**What you should do:** All records that follow are to be copied exactly, with images omitted.

Source data
━━━━
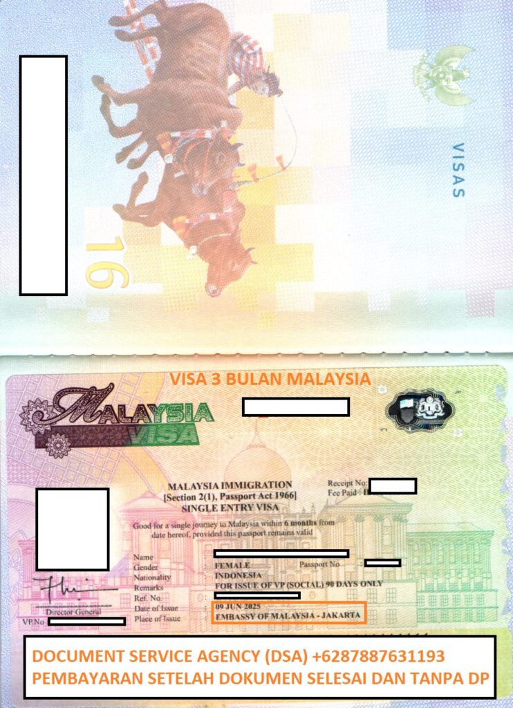 DSA (Document Service Agency) adalah spesialis jasa terjemah, legalisir, atestasi, apostile dokumen untuk keperluan di luar negeri dan pengurusan visa berpengalaman dan terpercaya. Bagi anda yang ingin mngurus visa di Kedutaan Malaysia untuk keperluan liburan, bisnis, bekerja dan lain-lain. Anda tidak perlu datang ke Jakarta karna pengurusan visa anda bisa diwakilkan kepada kami, dengan layanan ” Pembayaran Setelah Dokumen Selesai dan Tanpa DP ” membuat anda lebih nyaman dan aman menggunakan jasa kami.
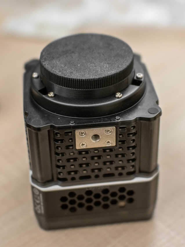 Она надевается на байонет светильника подобным образом и формирует достаточно узкий круг изображения. Нагреваться от светодиода она будет сильно, что может грозить лёгким ожогом при прикосновении к ней на полной мощности, но сам силикон не боится высоких температур. Через имеющееся отверстие происходит обдувка встроенным в светильник вентилятором.
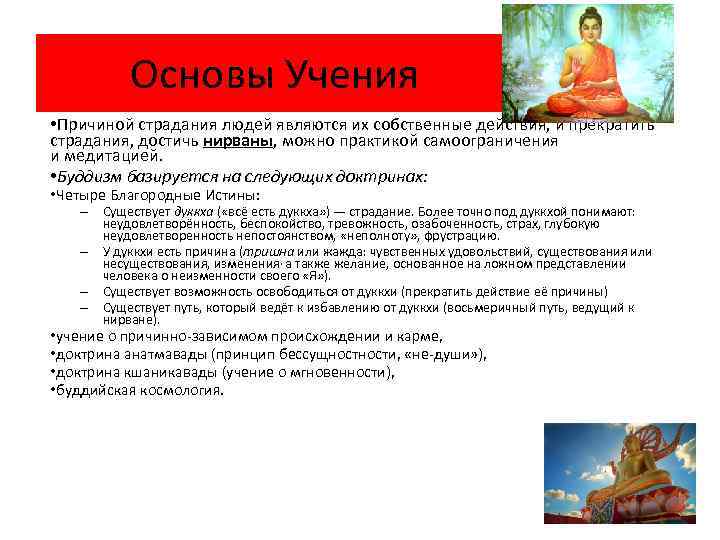 Основы Учения • Причиной страдания людей являются их собственные действия, и прекратить страдания, достичь нирваны, можно практикой самоограничения и медитацией. • Буддизм базируется на следующих доктринах: • Четыре Благородные Истины: – Существует дуккха ( «всё есть дуккха» ) — страдание. Более точно под дуккхой понимают: неудовлетворённость, беспокойство, тревожность, озабоченность, страх, глубокую неудовлетворенность непостоянством, «неполноту» , фрустрацию. – У дуккхи есть причина (тришна или жажда: чувственных удовольствий, существования или несуществования, изменения, а также желание, основанное на ложном представлении человека о неизменности своего «Я» ). – Существует возможность освободиться от дуккхи (прекратить действие её причины) – Существует путь, который ведёт к избавлению от дуккхи (восьмеричный путь, ведущий к нирване). • учение о причинно-зависимом происхождении и карме, • доктрина анатмавады (принцип бессущности, «не-души» ), • доктрина кшаникавады (учение о мгновенности), • буддийская космология.
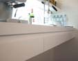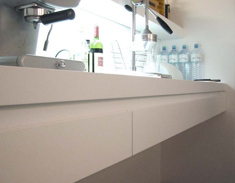 K�chenm�bel Wohnung Z., Graz, 2002 Ein in wei�em Schleiflack beschichtetes K�chenm�bel schafft mittels der dahinter liegenden Spiegelfl�che eine imagin�re Erweiterung . Bauherr: privat Projektleitung: Siegfried Frank Planungs- und Bauzeit: 2002
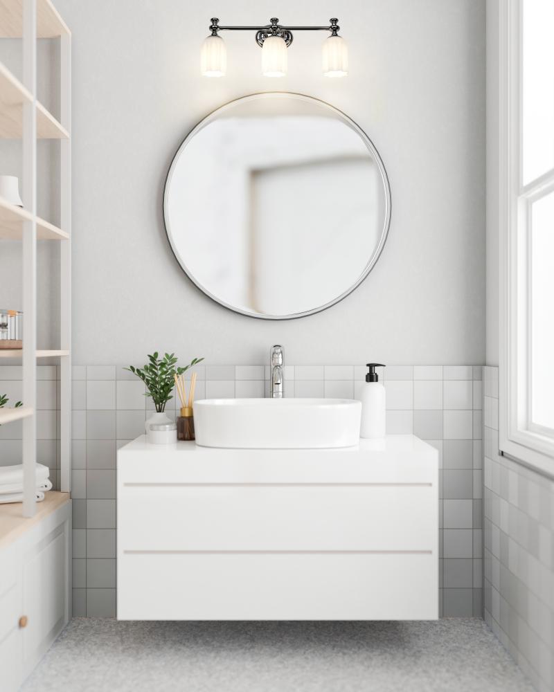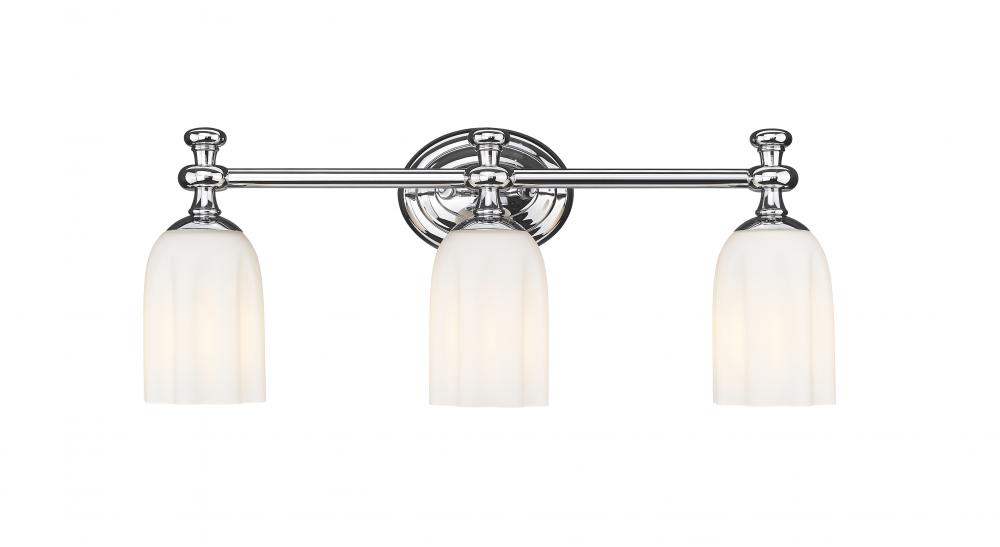 Gleaming chrome adds a touch of shine to the opal etched glass featured on a modern three-light vanity fixture. It infused a sense of delicacy and romance with decorative flourishes over the shades and delicate scalloped glass. Three lights create bright ambient illumination, ideal for daily grooming and beauty tasks.
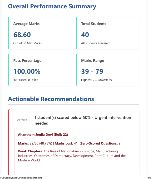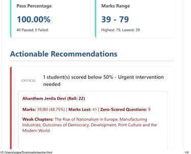 In-depth reports for better insights. Individual students reports along with teachers reports so that actions can be taken based on historic and AI generated data.
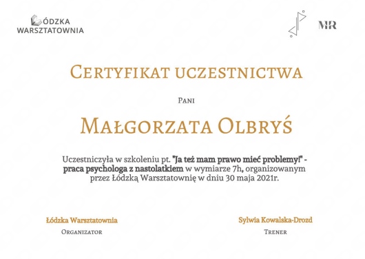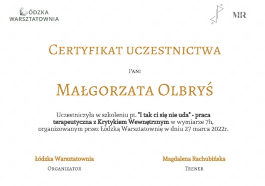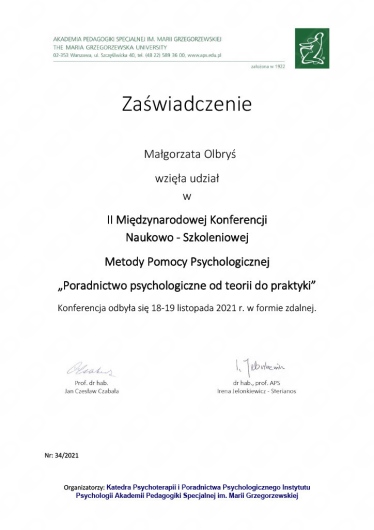 Pani Małgorzata zapewniła mi skuteczne wsparcie oraz udzieliła porad umożliwiających lepsze radzenie sobie z problemami.
━━━━
**Completed exercise:**
 DSA (Document Service Agency) adalah spesialis jasa terjemah, legalisir, atestasi, apostile dokumen untuk keperluan di luar negeri dan pengurusan visa berpengalaman dan terpercaya. Bagi anda yang ingin mngurus visa di Kedutaan Malaysia untuk keperluan liburan, bisnis, bekerja dan lain-lain. Anda tidak perlu datang ke Jakarta karna pengurusan visa anda bisa diwakilkan kepada kami, dengan layanan ” Pembayaran Setelah Dokumen Selesai dan Tanpa DP ” membuat anda lebih nyaman dan aman menggunakan jasa kami.
 Она надевается на байонет светильника подобным образом и формирует достаточно узкий круг изображения. Нагреваться от светодиода она будет сильно, что может грозить лёгким ожогом при прикосновении к ней на полной мощности, но сам силикон не боится высоких температур. Через имеющееся отверстие происходит обдувка встроенным в светильник вентилятором.
 Основы Учения • Причиной страдания людей являются их собственные действия, и прекратить страдания, достичь нирваны, можно практикой самоограничения и медитацией. • Буддизм базируется на следующих доктринах: • Четыре Благородные Истины: – Существует дуккха ( «всё есть дуккха» ) — страдание. Более точно под дуккхой понимают: неудовлетворённость, беспокойство, тревожность, озабоченность, страх, глубокую неудовлетворенность непостоянством, «неполноту» , фрустрацию. – У дуккхи есть причина (тришна или жажда: чувственных удовольствий, существования или несуществования, изменения, а также желание, основанное на ложном представлении человека о неизменности своего «Я» ). – Существует возможность освободиться от дуккхи (прекратить действие её причины) – Существует путь, который ведёт к избавлению от дуккхи (восьмеричный путь, ведущий к нирване). • учение о причинно-зависимом происхождении и карме, • доктрина анатмавады (принцип бессущности, «не-души» ), • доктрина кшаникавады (учение о мгновенности), • буддийская космология.
 K�chenm�bel Wohnung Z., Graz, 2002 Ein in wei�em Schleiflack beschichtetes K�chenm�bel schafft mittels der dahinter liegenden Spiegelfl�che eine imagin�re Erweiterung . Bauherr: privat Projektleitung: Siegfried Frank Planungs- und Bauzeit: 2002
 Gleaming chrome adds a touch of shine to the opal etched glass featured on a modern three-light vanity fixture. It infused a sense of delicacy and romance with decorative flourishes over the shades and delicate scalloped glass. Three lights create bright ambient illumination, ideal for daily grooming and beauty tasks.
 In-depth reports for better insights. Individual students reports along with teachers reports so that actions can be taken based on historic and AI generated data.
 Pani Małgorzata zapewniła mi skuteczne wsparcie oraz udzieliła porad umożliwiających lepsze radzenie sobie z problemami.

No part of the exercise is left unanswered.